1. Mr. Amin raises a very interesting point of practice. On September 29, 1941, by a consent Judge's order, at the instance of defendant No. 1, a commission was issued to Calcutta for the examination of certain witnesses. Liberty was given to the plaintiff to join in that commission and to examine witnesses on his behalf if he was so advised after giving the names of such witnesses to defendant No. 1 one week before being examined. Pursuant to the order the. plaintiff examined Gordhandas on commission.
2. Mr. Bahadurji who appears for the plaintiff closes his case without tendering the evidence of Gordhandas.
3. Mr. Amin for defendant No. 1 contends that as soon as the commission was returned the evidence taken on commission became evidence in the case and, without Mr. Bahadurji tendering it, it is evidence on which he is entitled to rely. Mr. Amin contends in the alternative that in any case Mr. Bahadurji is bound to tender that evidence.
4. Mr. Amin relies on Order XXVI, Rule 7, of the Civil Procedure Code, 1908. This rule provides that where a commission has been duly executed, it shall be returned, together with the evidence taken under it, to the Court from which it was issued and the evidence taken under it shall form part of the record of the suit. Mr. Amin's contention is that as the evidence is already part of the record it is no longer necessary formally to tender it.
5. It has been a long standing practice on the Original Side of this Court that evidence taken on commission is always formally tendered, and objections to the evidence are considered when the evidence is being read by the counsel tendering it, and until it has been admitted neither party has the right to make use of it. Mr. Bahadurji, who is a very senior and a very respected member of the bar, tells me that, as far as his experience goes, which extends over a period of more than forty years, he has always known that to be the practice on the Original Side of this Court.
6. This point also arose for consideration in the Calcutta High Court, and the authorities to which I shall presently refer have clearly laid down that the practice on the Original Side of the Calcutta High Court is similar to the practice prevailing here and which has been vouched for by Mr. Bahadurji. In Hemanta Kumari v. Banku Bekari Sikdar (1905) 9 C. W.N. 794 Mr. Justice Bodily decided that the evidence taken on commission does not become evidence in the suit until the same has been tendered and read as evidence in the suit by the party in whose behalf it has been taken. Then in Kusum Kumari Roy v Satya Ranjan Das I.L.R (1902) Cal. 999 Mr. Justice Sale considered the practice prevailing on the Original Side of the Calcutta High Court and was of the opinion that the practice for a long time on the Original Side of that High Court had been that until evidence taken on commission had been tendered and admitted as evidence in the suit, neither party had the right to make use of it. He was further of opinion that that practice had been well founded in principle.
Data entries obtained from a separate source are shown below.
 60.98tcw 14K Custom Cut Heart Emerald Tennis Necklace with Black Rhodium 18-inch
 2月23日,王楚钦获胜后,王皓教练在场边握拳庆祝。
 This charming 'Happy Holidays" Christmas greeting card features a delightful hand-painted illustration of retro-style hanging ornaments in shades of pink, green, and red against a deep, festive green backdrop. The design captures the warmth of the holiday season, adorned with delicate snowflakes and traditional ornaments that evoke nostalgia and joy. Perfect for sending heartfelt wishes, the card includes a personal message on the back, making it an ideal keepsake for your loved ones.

7. Apart from these authorities, I think that O. XXVI, Rule 8, itself contemplates that the evidence which is recorded on commission has got to be read as evidence before it becomes evidence, because Rule 8 says that evidence taken under a commission shall not be read as evidence in the suit without the consent of the party against whom the same is offered until the conditions laid down in Clause (a): of that rule are satisfied. In my opinion, under Rule 7 of Order XXVI, the evidence taken on commission forms part of the record in the same way as pleadings, affidavits and other documents of a suit form part of the record of that suit. If I were to give the construction to Rule 7 for which Mr. Amin contends, it would really mean that the evidence taken on commission, whether part of it was inadmissible or irrelevant or not, would automatically become evidence as soon as the commission was returned and it formed part of the record. That surely cannot be the construction of Rule 7, because it is well known that the commissioner who takes evidence on commission has no authority to reject any evidence. All that he can do is to note the objections taken by counsel appearing on behalf of the party while commission evidence is being taken, and after having noted the objections he has got to record the evidence given by the witnesses. It is only when the evidence is read before the Court and tendered as evidence that the questions of admissibility and relevancy are considered.
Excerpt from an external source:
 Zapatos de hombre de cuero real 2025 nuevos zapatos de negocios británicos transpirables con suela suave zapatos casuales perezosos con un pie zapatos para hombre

8. Mr. Amin relies on three other decisions of the Calcutta High Court.
9. First, Mr. Amin relies on a decision in Nistarini Dassee v. Nundo Lall Bose I.L.R (1899) Cal. 591, which was a decision of a Judge on the Original Side, and on the observation of Mr. Justice Stanley that having regard to the language of Section 389 of the Civil Procedure Code, 1882, (which corresponds to Order XXVI, Rule 7), the plaintiff was entitled to refer to the evidence as a matter of record. What happened in that case was that Mr. Bannerjee appearing for the plaintiff wanted to refer in his opening to the evidence of a certain witness taken on commission, and objection was taken; to his doing so by counsel on the other side, and all that the learned Judge held in that case was that as the commission had been returned and the evidence formed part of the record, counsel was entitled to refer to it in his opening. That decision did not really decide that the evidence on commission became evidence as soon as the commission was returned. In any case the subsequent decisions of the Calcutta High Court to which I have referred, namely, Hemanta Kumari v. Banku Behari Sikdar (1905) 9 C.W.N. 794 and Kusum Kumari Roy V. Satya Ranjan Das I.L.R (1903) Cal. 999 clearly lay down what the practice on the Original Side of the Calcutta High Court is.
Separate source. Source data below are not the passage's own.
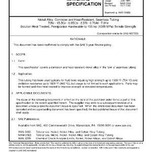 This specification covers a corrosion and heat-resistant nickel alloy in the form of seamless tubing.
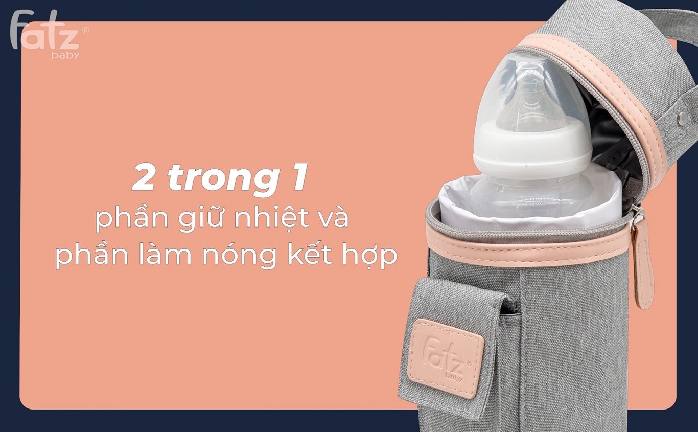+ Đặt bình sữa hoặc bình nước vào bên trong bộ phận làm nóng và đặt trong túi.
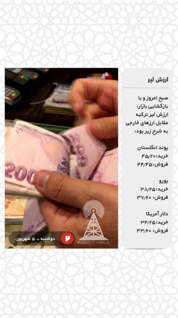 صبح امروز و با بازگشایی بازار، ارزش لیر ترکیه مقابل ارزهای خارجی به شرح زیر بود:
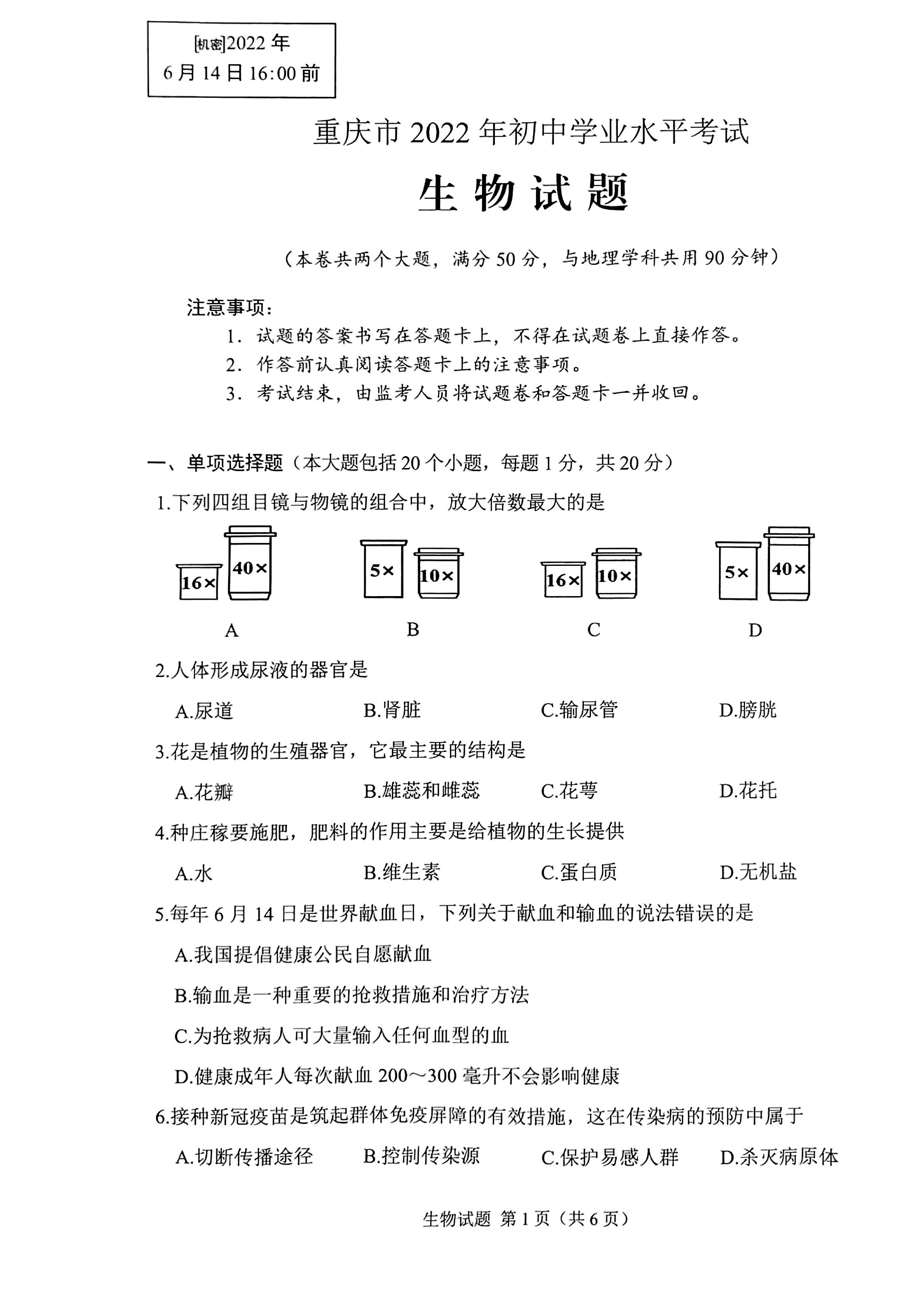 2022年重庆市中考生物真题

10. Secondly, Mr. Amin relies on a later decision of the same Court in Man Gobinda Chowdhuri v. Shashindra Chandra Chowdhuri I.L.R (1907) Cal. 28 where the practice of the mofussil Courts in Calcutta was considered. In that case the Court of first instance, on the plaintiff's application to read the evidence of a certain witness taken on commission as a part of the record of the case, permitted him to do so. On appeal, the Subordinate Judge refused to refer to the evidence taken on commission as not being evidence in the case. From the judgment of the Subordinate Judge there was an appeal to the Calcutta High Court, and the Appellate Bench consisting of Holmwood and Sharfuddin JJ. held that the Subordinate Judge was wrong in excluding the evidence of the witness taken on commission which had been read by counsel for the plaintiff. It is to be noted that in this case the witness was examined by the defendants on commission, the deposition was filed on the record, and the defendants refused to tender that evidence. This evidence was then tendered by counsel for the plaintiff and was admitted by the Court of first instance. Under these circumstances the judgment of Mr. Justice Holmwood and Mr. Justice Sharfuddin does not in any way support the contention of Mr. Amin.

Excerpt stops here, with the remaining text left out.